# REQUIRED WORK
Before you return the lines below, strip out any images and keep every word as written.

# DATA TO EXAMINE
★ ★ ★
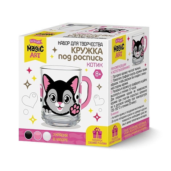 Не мойте кружку в посудомоечной машине. Высохшие краски не растворяются в воде. В случае попадания краски на одежду и другие поверхности необходимо сразу смыть краску теплой мыльной водой. Берегите краски от замерзания. Не подвергать механическому воздействию. Не использовать в качестве посуды! Избегать контактов с пищевыми продуктами.
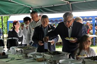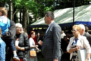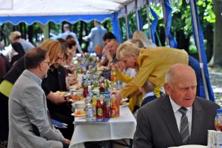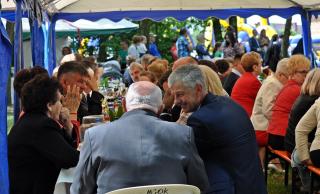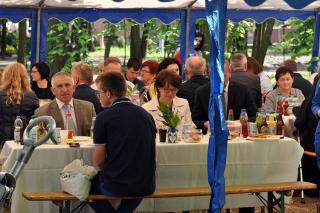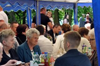 Po dziękczynieniu Panu Bogu nadszedł czas na radosne spotkanie w Parku Świętego Rocha. Dlaczego tam? Wielkim pragnieniem księdza Jubilata było spotkanie się przy stole ze wszystkimi uczestnikami dziękczynnej Eucharystii. Żadna sala nie byłaby w stanie pomieścić wszystkich tych, którzy w tym wyjątkowym dniu ofiarowali ks. Jubilatowi najcenniejszy dar – modlitwę.
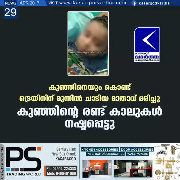 കുഞ്ഞിനെയും കൊണ്ട് ട്രെയിനിന് മുന്നില് ചാടിയ മാതാവ് മരിച്ചു; കുഞ്ഞിന്റെ രണ്ട് കാലുകള് നഷ്ടപ്പെട്ടു
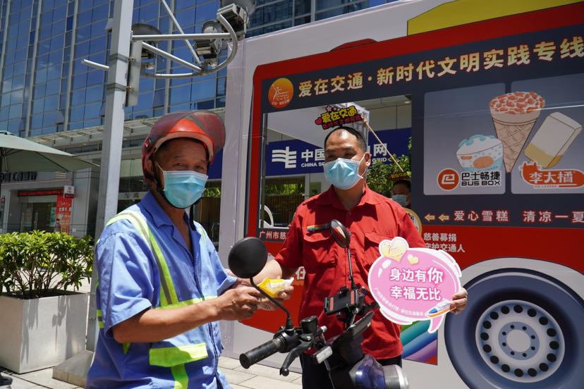 连日来的高温天气,让广州进入炙烤模式,但各行各业的劳动者仍然奔波在烈日下、坚守在岗位上。为了促进全社会了解交通行业、关爱交通行业一线职工,7月22日中午,“爱心雪糕·清凉一夏”爱心志愿服务活动在广州市交通运输局门侧举行。活动通过雪糕义卖的方式筹集善款,为交通行业的一线职工送上清凉。
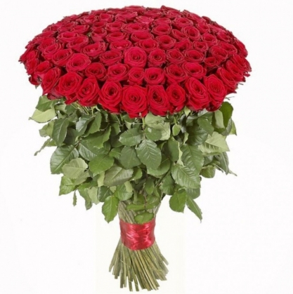 Потрясающий букет из 101 высокой розы под ленту. Розы этого сорта имеют красивый запах и качественную широкую листву.
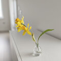 ナチュラルなガラス花器にマジカルウォーターを入れ、可憐な水仙を挿しました。
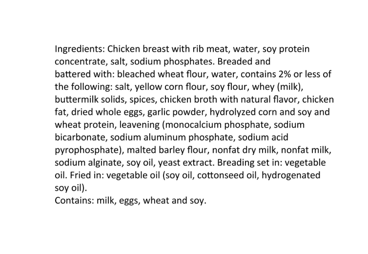 Chicken breast with rib meat, water, soy protein concentrate, salt, sodium phosphates. Breaded and battered with: bleached wheat flour, water, contains 2% or less of the following: salt, yellow corn flour, soy flour, whey (milk), buttermilk solids, spices, chicken broth with natural flavor, chicken fat, dried whole eggs, garlic powder, hydrolyzed corn and soy and wheat protein, leavening (monocalcium phosphate, sodium bicarbonate, sodium aluminum phosphate, sodium acid pyrophosphate), malted barley flour, nonfat dry milk, nonfat milk, sodium alginate, soy oil, yeast extract. Breading set in: vegetable oil. Fried in: vegetable oil (soy oil, cottonseed oil, hydrogenated soy oil). Contains: milk, eggs, wheat and soy.
★ ★ ★
# SOLUTION TO THIS EXERCISE
 Не мойте кружку в посудомоечной машине. Высохшие краски не растворяются в воде. В случае попадания краски на одежду и другие поверхности необходимо сразу смыть краску теплой мыльной водой. Берегите краски от замерзания. Не подвергать механическому воздействию. Не использовать в качестве посуды! Избегать контактов с пищевыми продуктами.
 Po dziękczynieniu Panu Bogu nadszedł czas na radosne spotkanie w Parku Świętego Rocha. Dlaczego tam? Wielkim pragnieniem księdza Jubilata było spotkanie się przy stole ze wszystkimi uczestnikami dziękczynnej Eucharystii. Żadna sala nie byłaby w stanie pomieścić wszystkich tych, którzy w tym wyjątkowym dniu ofiarowali ks. Jubilatowi najcenniejszy dar – modlitwę.
 കുഞ്ഞിനെയും കൊണ്ട് ട്രെയിനിന് മുന്നില് ചാടിയ മാതാവ് മരിച്ചു; കുഞ്ഞിന്റെ രണ്ട് കാലുകള് നഷ്ടപ്പെട്ടു
 连日来的高温天气,让广州进入炙烤模式,但各行各业的劳动者仍然奔波在烈日下、坚守在岗位上。为了促进全社会了解交通行业、关爱交通行业一线职工,7月22日中午,“爱心雪糕·清凉一夏”爱心志愿服务活动在广州市交通运输局门侧举行。活动通过雪糕义卖的方式筹集善款,为交通行业的一线职工送上清凉。
 Потрясающий букет из 101 высокой розы под ленту. Розы этого сорта имеют красивый запах и качественную широкую листву.
 ナチュラルなガラス花器にマジカルウォーターを入れ、可憐な水仙を挿しました。
 Chicken breast with rib meat, water, soy protein concentrate, salt, sodium phosphates. Breaded and battered with: bleached wheat flour, water, contains 2% or less of the following: salt, yellow corn flour, soy flour, whey (milk), buttermilk solids, spices, chicken broth with natural flavor, chicken fat, dried whole eggs, garlic powder, hydrolyzed corn and soy and wheat protein, leavening (monocalcium phosphate, sodium bicarbonate, sodium aluminum phosphate, sodium acid pyrophosphate), malted barley flour, nonfat dry milk, nonfat milk, sodium alginate, soy oil, yeast extract. Breading set in: vegetable oil. Fried in: vegetable oil (soy oil, cottonseed oil, hydrogenated soy oil). Contains: milk, eggs, wheat and soy.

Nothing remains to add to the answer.